Background information
- Born: Edward Robert Low 14 May 1943 Rotorua, New Zealand
- Died: 21 September 2024 (aged 81) Christchurch, New Zealand
- Genres: Country
- Occupations: Singer; musician;
- Instruments: Vocals; guitar; brass; keyboards; strings;
- Years active: 1964–2024
- Labels: RCA; Sony Music; EdRab; BMG; Sunshine Records; Rajon Music; MAL Records;
- Formerly of: New Zealand Highwaymen; The Truetones; The Quin Tikis;
- Website: eddielow.co.nz

= Eddie Low =

Edward Robert Low (14 May 1943 – 21 September 2024) was a New Zealand country singer and musician, with a career spanning over 60 years. Low released a number of successful country albums and singles throughout the 1970s and 80s and performed in a number of groups since the 1960s including The Quin Tikis and the New Zealand Highwaymen. Low continued to record and release music throughout his life, enjoying a second wave of success in the 2010s after releasing his career overview album The Voice In A Million (2011) which went platinum. He was awarded Member of the New Zealand Order of Merit for services to music in the 2006 Queen's Birthday Honours.

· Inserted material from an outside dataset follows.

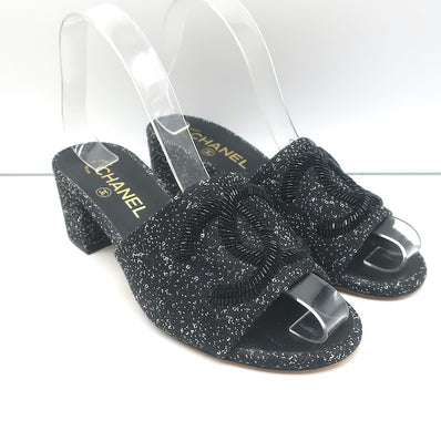 Chanel 19P Beaded CC Slide Sandals Black Sequined Tweed Size 37 Open T...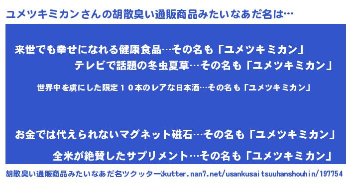 | 意味不明あだ名 | 『なめこ科ユメツキミカン属』 |

Low began his career in the early 1960s with his brother in the Auckland-based group The Chevronaires, where he met John Rowles. The pair moved to Australia performing Beatles covers before moving to Sydney and becoming part of The Sundowners, joining the Miller's brewery circuit. Low later joined The Truetones for a period before becoming part of The Quin Tikis in the mid-1960s, performing in Australia and New Zealand for several years and appearing regularly in the annual tours of Miss New Zealand Extravaganza organised by Joe Brown. Low was encouraged by Brown to go solo, dubbing him "the voice in a million", and signed to Joe Brown Records, releasing his debut solo album Presenting The Golden Voice Of Eddie Low in 1970.

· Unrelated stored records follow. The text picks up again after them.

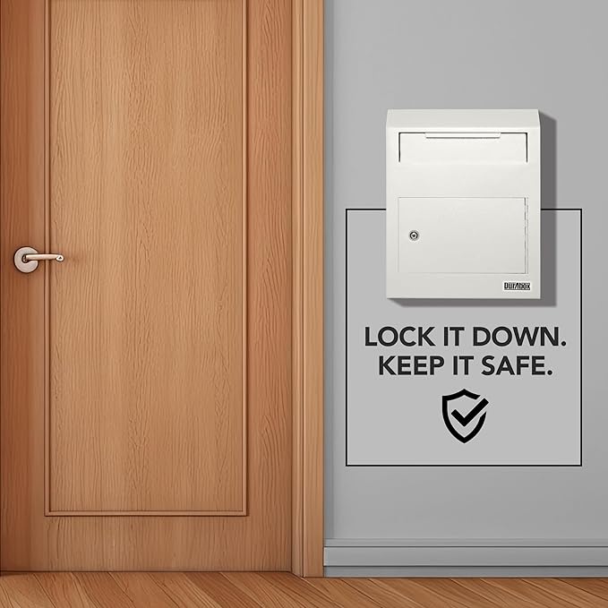 - HEAVY DUTY – Crafted from robust 14-gauge cold-rolled steel, the Durabox Locking Mailbox is built to last. Its weather-resistant powder-coated finish protects against rust, scratches, and corrosion, ensuring the wall lock box has reliable performance both indoors and outdoors.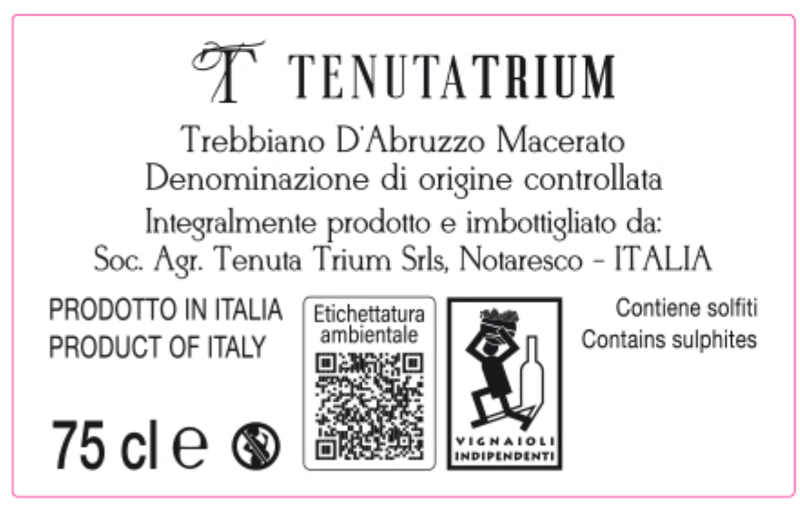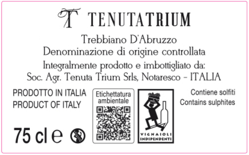 100% Trebbiano d’Abruzzo DOC su pergola abruzzese età 50 anni. Gradazione 12,5°.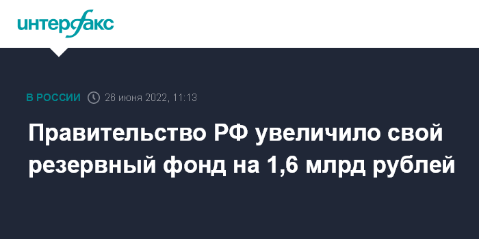 Правительство РФ увеличило свой резервный фонд на 1,6 млрд рублей

In the 1970s, Low collaborated with John Hore, releasing Eddie Low and John Hore Live (1971) and We Should Be Together (1972). Low went on to tour North America and released several albums and EPs including The Voice In A Million (1970), Eddie Low (1973), and Eddie Low in USA and Canada (1976). Following the tour, he entered a recording hiatus. Low returned in 1980, signing to RCA Records and releasing Eddie Low Sings (Songs of Home). Throughout the 1980s, he released a number of singles and several more albums including Easy Temptations (1981), Blue Smoke (1982), Country Greats (1984) and Heart and Soul (1984), and periodically returned to Christchurch to appear in That's Country hosted by Ray Columbus.

In 1986, Low launched his own record label, MAL Records, which he used to publish personal projects including "I Am Me", a single about his feelings around being labelled handicapped, and the albums Turning Back The Clock and Land of my Mother, Land of my Father, the latter reflecting his mixed Scottish and Māori heritage. Low continued recording music and performing throughout the 1990s through RCA Records, BMG and Sony Music, including Eddie Low (1992). In the 2000s, Low toured with the New Zealand Highwaymen and continued writing music, and moved to live in Christchurch in 2008.

In 2011, Low's compilation album The Voice In A Million (The Very Best Of Eddie Low) spent twenty-two weeks on the chart and peaked at number two, going platinum. He followed up in Icon (2012) and This Could Be the Last Time (2017), the latter published under EdRab Music, a new label he created for his later projects, and returned to touring with the New Zealand Highwaymen in a series of successful shows. Despite ailing health from a cancer diagnosis, Low continued to record music and tour until his death in 2024, with albums such as Paint Me a Memory (2020) and When I Sing About You (2021).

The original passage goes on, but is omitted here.